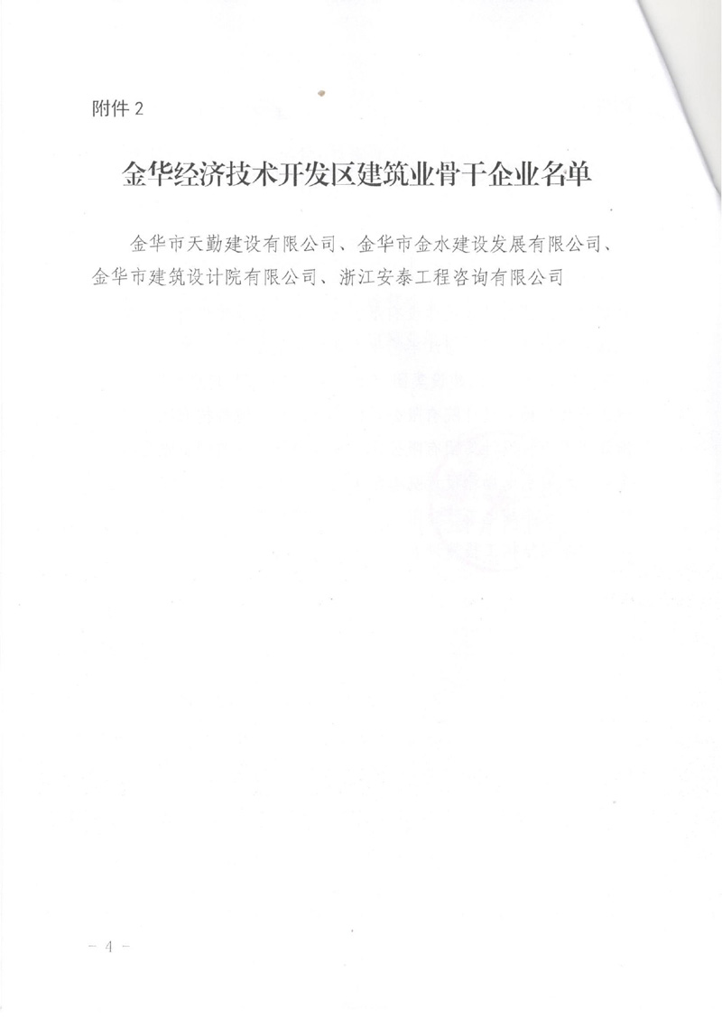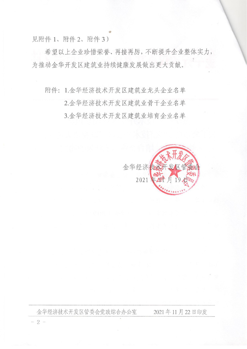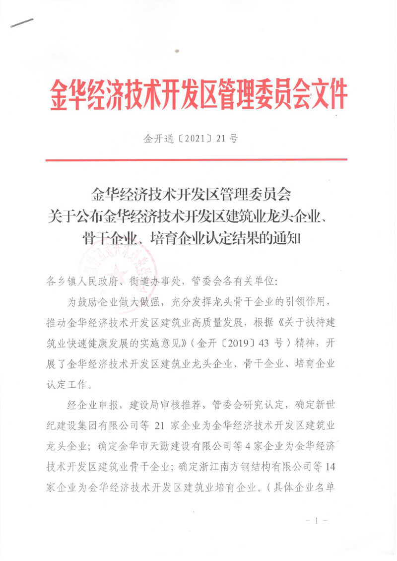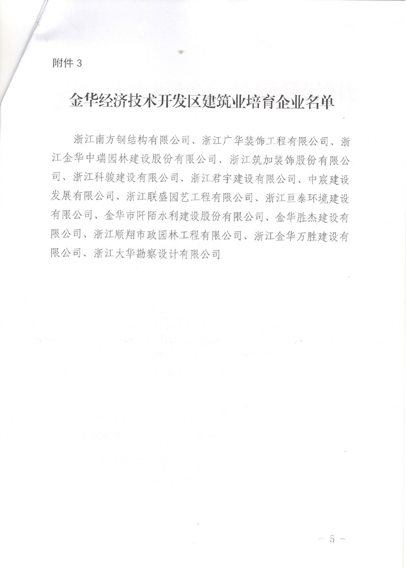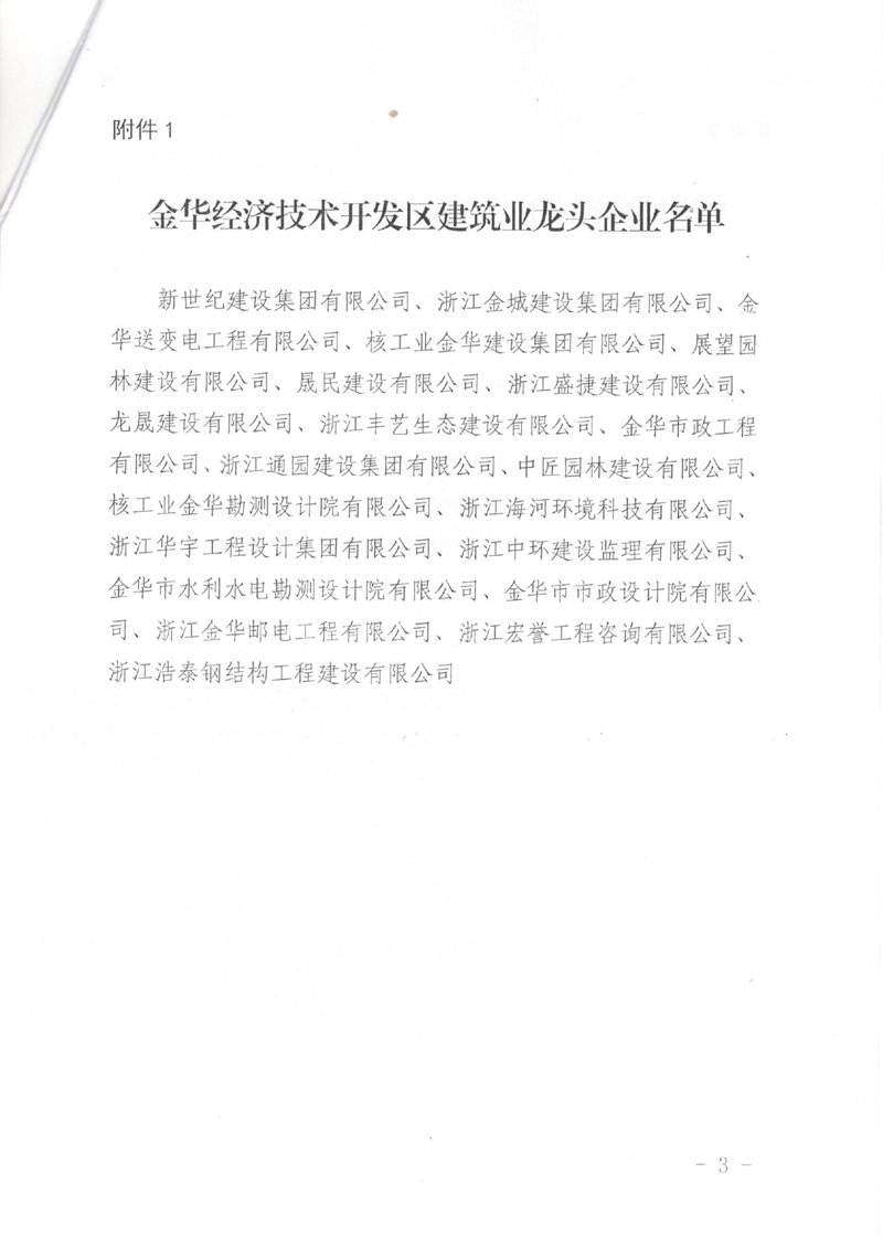 關(guān)于公布金華經(jīng)濟(jì)技術(shù)開(kāi)發(fā)區(qū)建筑業(yè)龍頭企業(yè)、骨干企業(yè)、培育企業(yè)認(rèn)定結(jié)果的通知
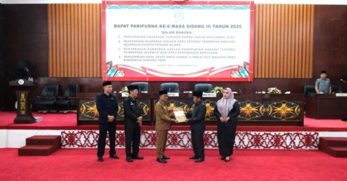 PURUK CAHU – DPRD Kabupaten Murung Raya (Mura) menggelar Rapat Paripurna Ke-6 Masa Sidang III di Gedung DPRD setempat, Jumat (7/11/2025). Rapat dihadiri Bupati Murung Raya Heriyus, Ketua DPRD Mura Rumiadi, Wakil Ketua I Dina Maulidah, Plt Sekda Sarwo Mintarjo, Asisten II Setda K. Zen Wahyu, anggota DPRD, kepala perangkat daerah, serta tamu undangan lainnya.
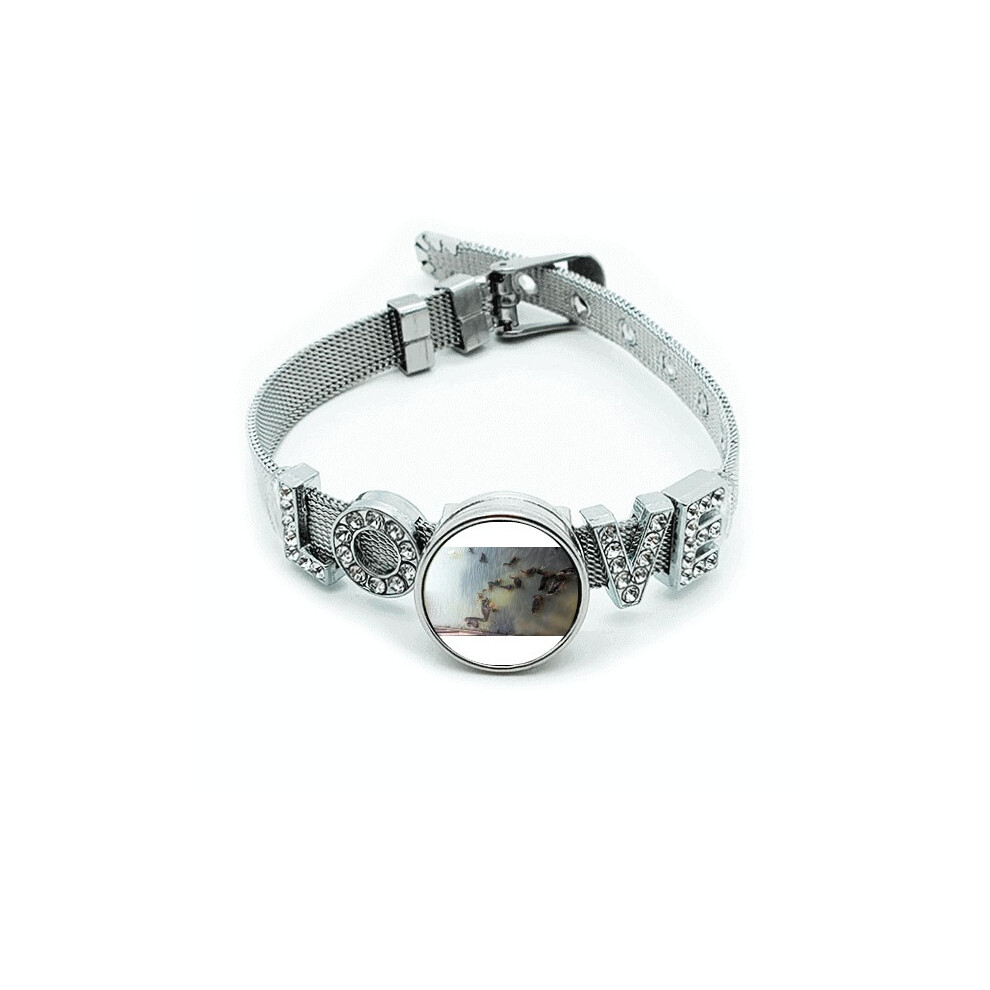 Black Swan Art Deco Fashion Bracelet Wristband Crystal Love Adjustable Bangle
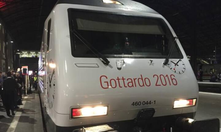 Bahnhofsuhrmacher Mondaine zeigt nicht nur eine neue Uhr, sondern zur Eröffnung des Gotthardtunnels auch eine Lok im Markenkleid.RMS
_____
Problem description> All of the data above is to be repeated exactly, with the pictures left out.

Result>
 關(guān)于公布金華經(jīng)濟(jì)技術(shù)開(kāi)發(fā)區(qū)建筑業(yè)龍頭企業(yè)、骨干企業(yè)、培育企業(yè)認(rèn)定結(jié)果的通知
 PURUK CAHU – DPRD Kabupaten Murung Raya (Mura) menggelar Rapat Paripurna Ke-6 Masa Sidang III di Gedung DPRD setempat, Jumat (7/11/2025). Rapat dihadiri Bupati Murung Raya Heriyus, Ketua DPRD Mura Rumiadi, Wakil Ketua I Dina Maulidah, Plt Sekda Sarwo Mintarjo, Asisten II Setda K. Zen Wahyu, anggota DPRD, kepala perangkat daerah, serta tamu undangan lainnya.
 Black Swan Art Deco Fashion Bracelet Wristband Crystal Love Adjustable Bangle
 Bahnhofsuhrmacher Mondaine zeigt nicht nur eine neue Uhr, sondern zur Eröffnung des Gotthardtunnels auch eine Lok im Markenkleid.RMS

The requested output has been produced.